Evaluations

Evaluations execute a task over a dataset and emit structured events, samples, and a final result.

Key concepts

Evaluation orchestrates execution of a task against a dataset.
@dn.evaluation wraps a task into an Evaluation.
EvalEvent (EvalStart, EvalSample, EvalEnd) streams progress.
Sample holds per-row input/output/metrics.
EvalResult aggregates metrics, pass/fail stats, and stop reasons.

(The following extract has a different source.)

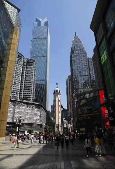 解放碑中央商务区地处西部,但是随着西部大开发战略、“一带一路”倡议、长江经济带建设的实施,中国西部地区逐渐被越来越多的外资看好,这里也成了重庆对外开放的窗口。

Create an evaluation with the decorator

import dreadnode as dn
from dreadnode.scorers import contains

@dn.evaluation(
    dataset=[
        {"question": "What is Dreadnode?", "expected": "agent platform"},
        {"question": "What is an evaluation?", "expected": "dataset-driven"},
    ],
    scorers=[contains("agent platform")],
    assert_scores=["contains"],
    concurrency=4,
    max_errors=2,
)
async def answer(question: str, expected: str) -> str:
    return f"{question} -> {expected}"

result: dn.EvalResult = await answer.run()
print(result.pass_rate, len(result.samples))

Load from a dataset file with preprocessing

dataset_file accepts JSONL, CSV, JSON, or YAML. Use preprocessor to normalize data before scoring, and dataset_input_mapping to align dataset keys with task params.

from pathlib import Path
import dreadnode as dn

def normalize(rows: list[dict[str, str]]) -> list[dict[str, str]]:
    return [{"prompt": row["prompt"].strip()} for row in rows]

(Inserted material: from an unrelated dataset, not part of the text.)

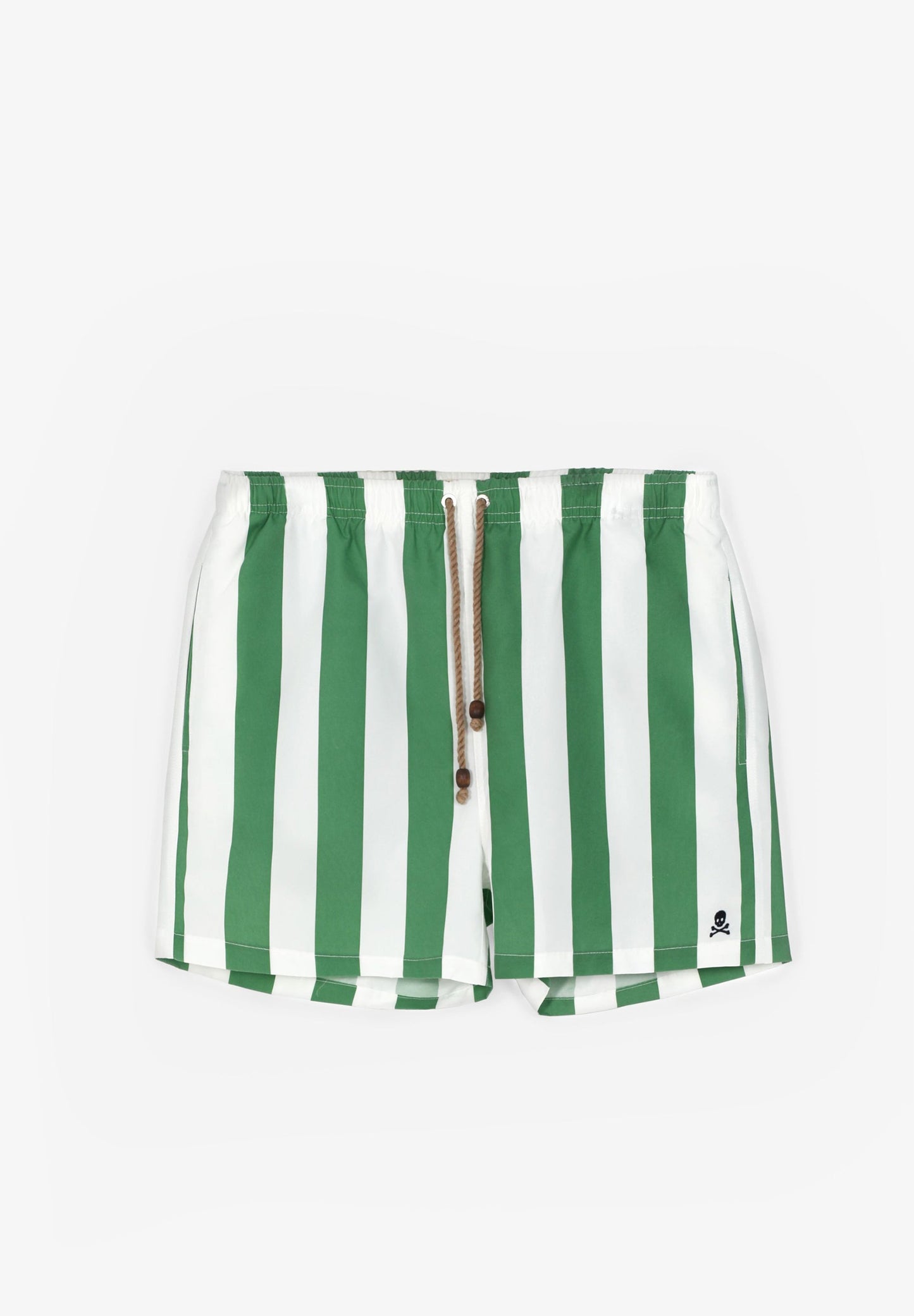 Bañador de rayas confeccionado en tejido técnico. Corte Regular Fit con cinturilla elástica, cierre con cordón y bolsillos laterales y traseros. Detalle de calavera bordada en el bajo.

evaluation = dn.Evaluation(
    task="my_project.tasks.generate_answer",
    dataset_file=Path("data/eval.jsonl"),
    dataset_input_mapping={"prompt": "question"},
    preprocessor=normalize,
    concurrency=8,
)

result = await evaluation.run()

Stream events during execution

import dreadnode as dn

async with evaluation.stream() as events:
    async for event in events:
        if isinstance(event, dn.EvalEvent):
            print(type(event).__name__)